Springbranch, Louisiana

Early 1950s

POSTWAR SPRINGBRANCH WAS a place of promise. A development of starter ranch homes sprouted in the field beyond the water tower, new model automobiles replaced prewar coupes and sedans, and enrollment at the college reflected the popularity of the G.I. Bill.

My mother’s postwar efforts were directed toward transforming her gangly adolescent daughter into a lady. Not just any lady, mind you, but a genteel Southern lady. Posture: “Isabel Irene Ashmore, stand up straight.” Etiquette: “I didn’t hear you say ma’am.” Table manners: “My dear, a lady never talks with her mouth full.”
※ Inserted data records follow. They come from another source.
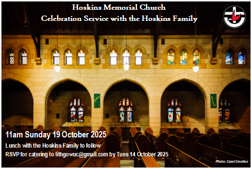 Hoskins Memorial Uniting Church 43 Bridge Street, Lithgow, NSW, AustraliaCombined worship service at Hoskins Memorial Uniting Church Lithgow, 11am Sunday 19th October 2025. Lunch to follow with the Hoskins Family. RSVP required 6351 3134, lithgowuc@gmail.com Guest Speaker Rev Andrew
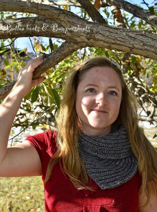 This cowl is worked flat and then seamed asymmetrically. It is worn with the seam to one side, with the top edge folded down toward the outside.
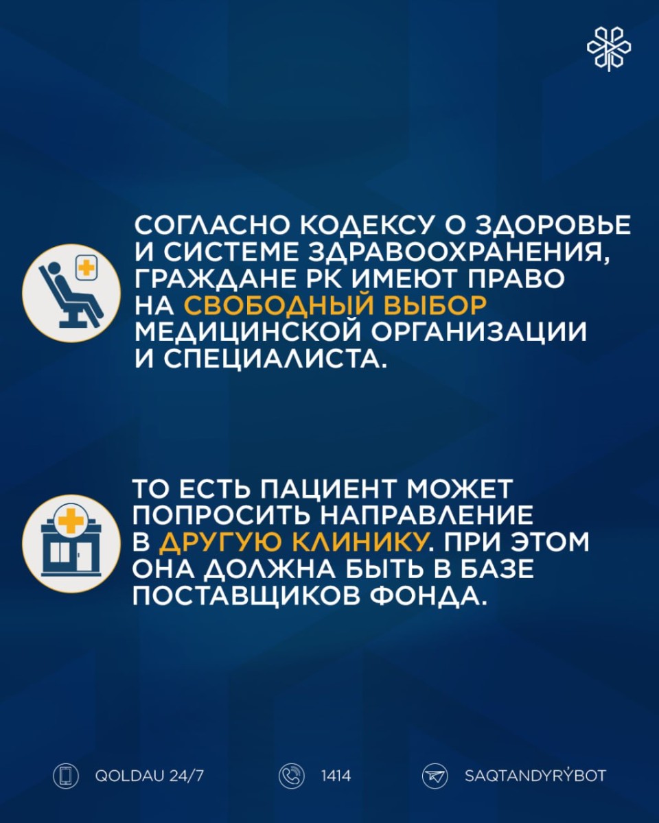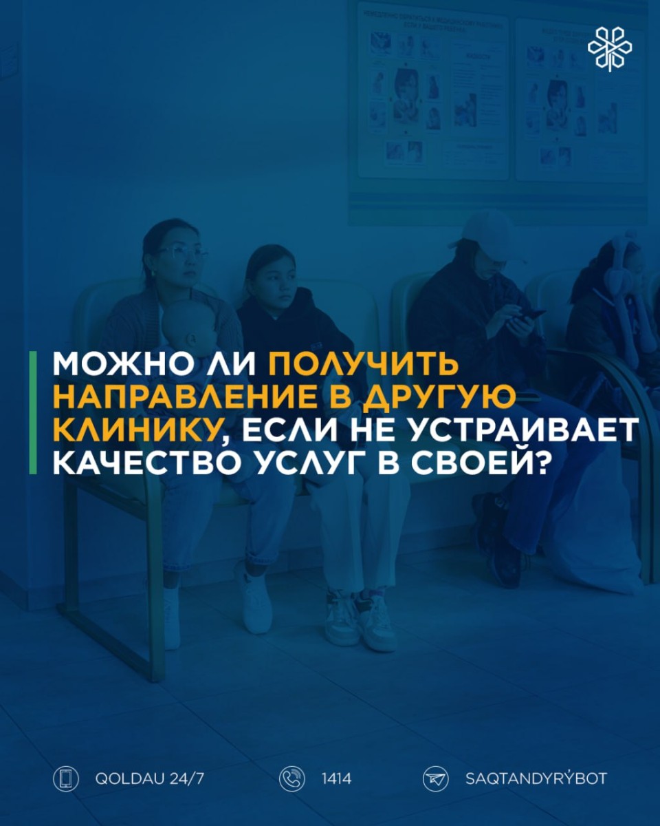 Меню » ОСМС » Памятки » Можно ли получить от терапевта своей поликлиники направление к узким специалистам или на диагностическое исследование в другую клинику, если пациента не устраивает качество оказания услуг в своей?
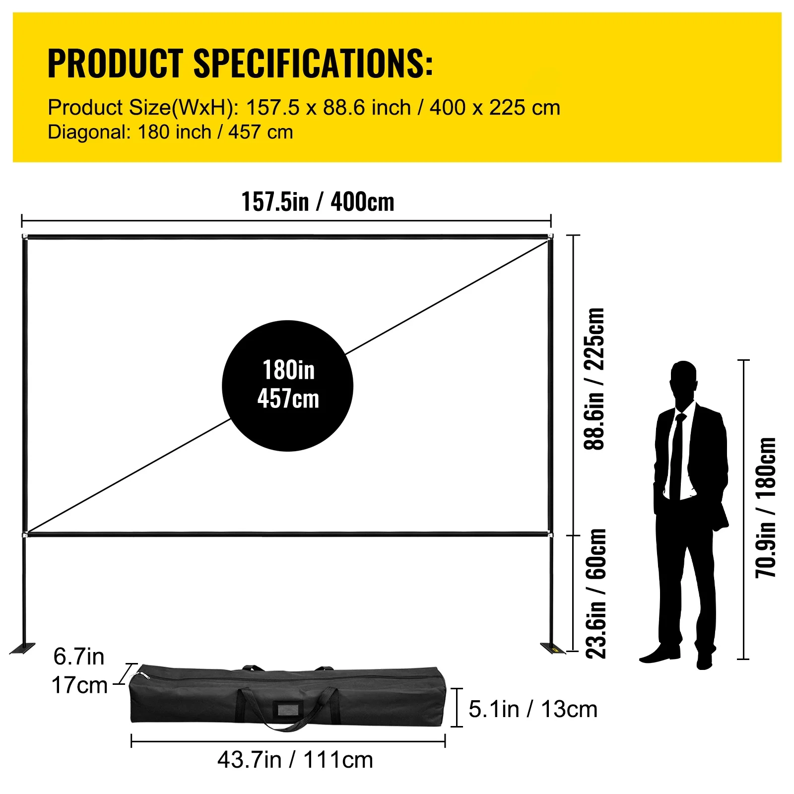 $124.58Product Description 180″ Outdoor Movie Screen w/ Stand The movie screen for outdoor use features 16:9 high definition and a 160-degree wide viewing angle. The upgraded high-textile oxford cloth can get better photosynthesis and more clearer projection. It’s easy to install and portable anywhere. You can enjoy movable cinema at home, outdoor, hotel, ceremony, etc. Specifications Screen Material: High-textile Oxford Cloth Stand Material: 6061 Aluminum + 45# Steel Diagonal: 180″ / 457.2 cm Aspect Ratio: 16:9 Viewing Angle: 160 Degree Screen Size:157.48 x 88.58″ / 400 x 225 cm Unfolded Height: 71″ / 180.34 cm Storage Pouch Length:30.3″ / 76.96 cm Package Content 1 x Projector Screen 1 x Storage Pouch 2 x Base 8 x Aluminum Alloy Tubes 8 x Ground nails 4 x Ropes 1 x Needle & Thread Set 1 x Manual
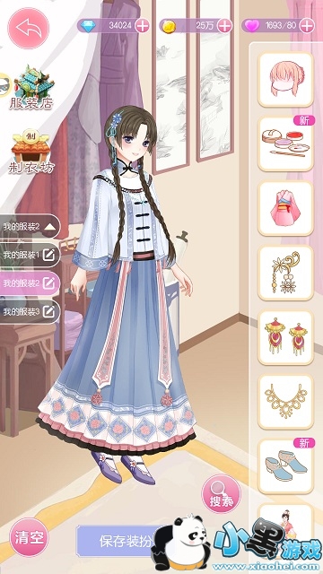 《锦绣奇缘》第二套服饰方案:双飞翼、欢颜、云纹绉长袍、桑雨、蓝宝石珍珠、冰凝霜、笔墨绘丹青。这一套服饰以宽袖上衣和百褶裙为主,妆发可爱活泼,配饰简约。
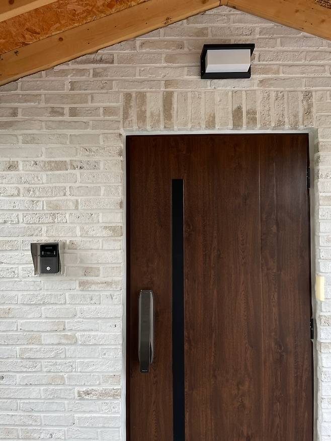 처음엔 적 벽돌이었다가 청고 벽돌로 결정을 바꾸고 마지막엔 백고 벽돌로 최종 시공된 고민 많았던 외관입니다. 살아 보니 관리도 쉽고 때가 타도 잘 티 나지 않는다는 점이 큰 장점이에요! 저희 가족끼리는 하얀 벽돌집이라 부르고 있습니다. :)
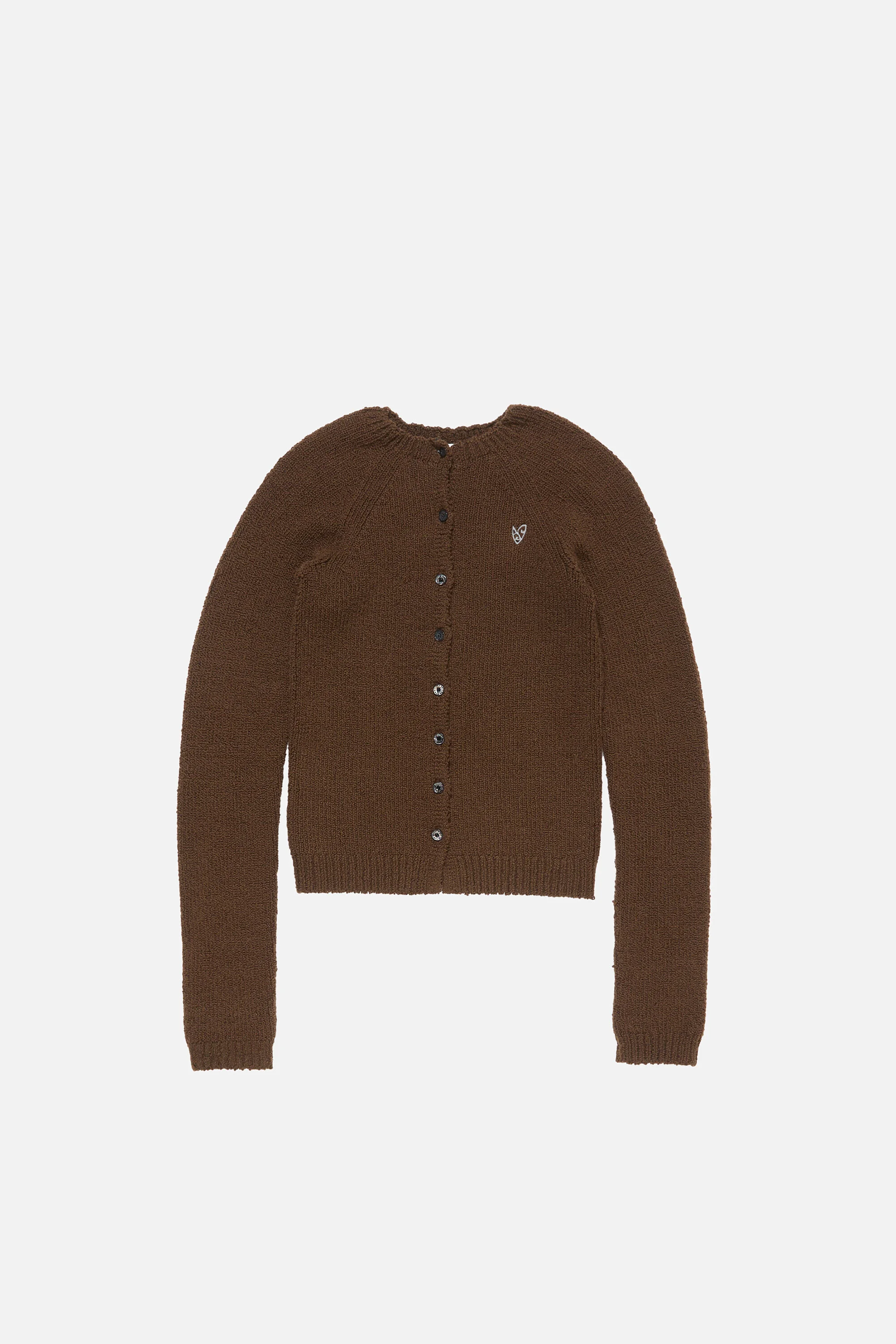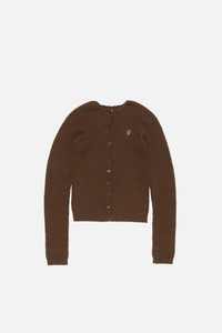 Button-up cardigan with a crew neckline, crafted from midweight knit with a soft textured finish and ribbed edges. Finished with an off-white embroidered seasonal heart logo. Cut to a fitted style and below-waist length. - Fitted - Crew neck - Button-up closure - Below-waist length - Embroidered seasonal heart logo - Model is 177 cm / 5'8" and wears size S - Style ID: FN-WN-KNIT000858 - Made from organically grown cotton and recycled nylon - Shell: 27% Nylon, 1% Elastane, 72% Cotton
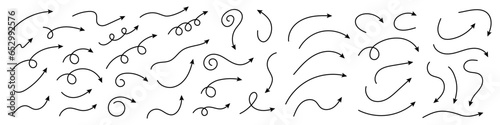 Curved arrows. Set of vector hand drawn zigzag arrows. Collection of pointers. Vector illustration.
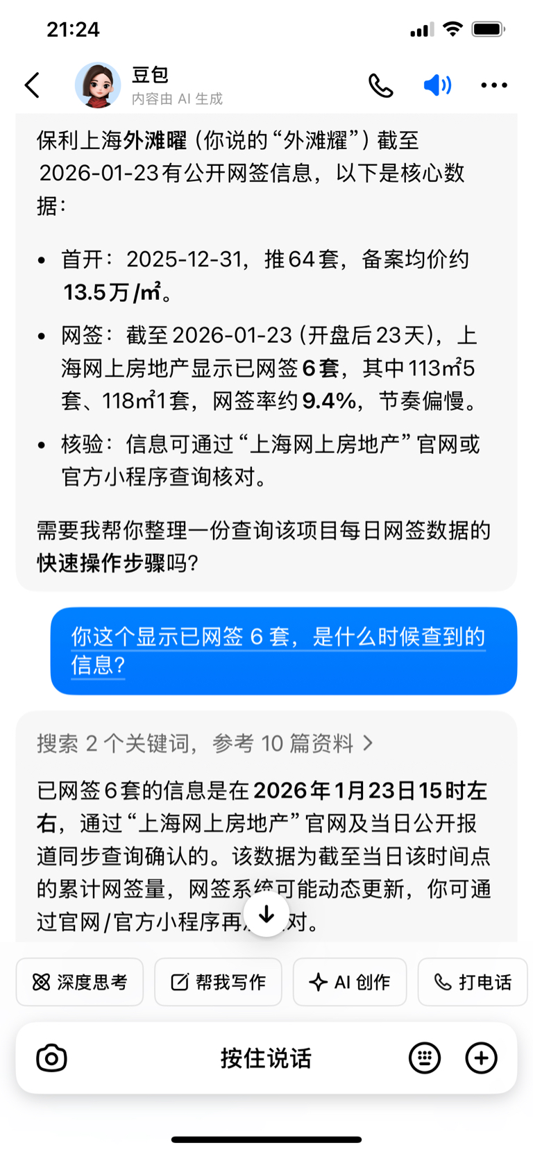 $保利发展(SH600048)$ 请问上海外滩曜实际网签数据到多少了?豆包这个是最新的吗?
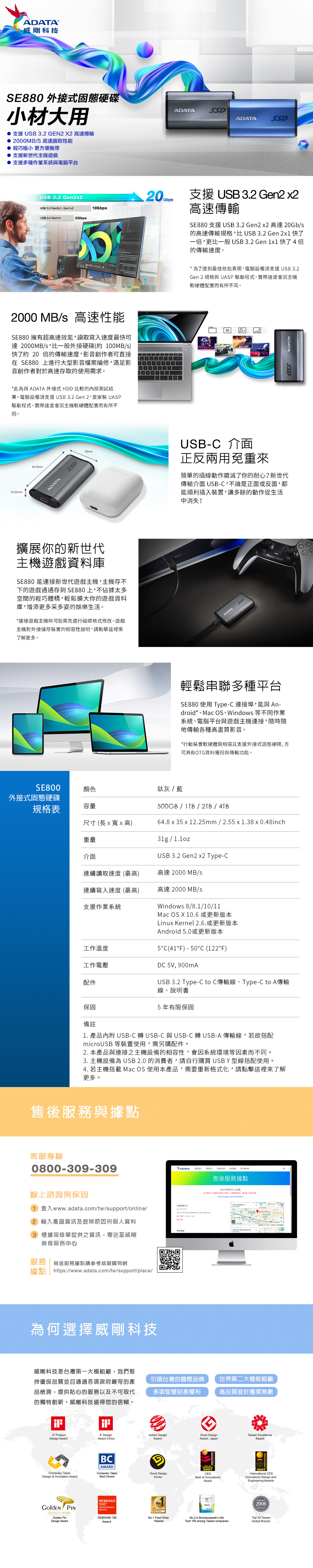 | 介面 | USB 3.2 Gen2 x2 Type-C (USB 20Gbps) |

I dreaded most her advice concerning boys, whom she referred to as beaux. “Flirt, Isabel. Bat those pretty brown eyes.” I had little interest in the pimply-faced males in my class at Springbranch Elementary School. The idea of flirting with them was humiliating.

Mother meant well, but I always believed I fell short of her expectations. Even though she is long dead, I don’t remember ever experiencing unconditional love from her. Maybe she had to be the way she was. Daddy was lost in his books and Grandmama filled my head with fairy tales. Somebody had to take me in hand.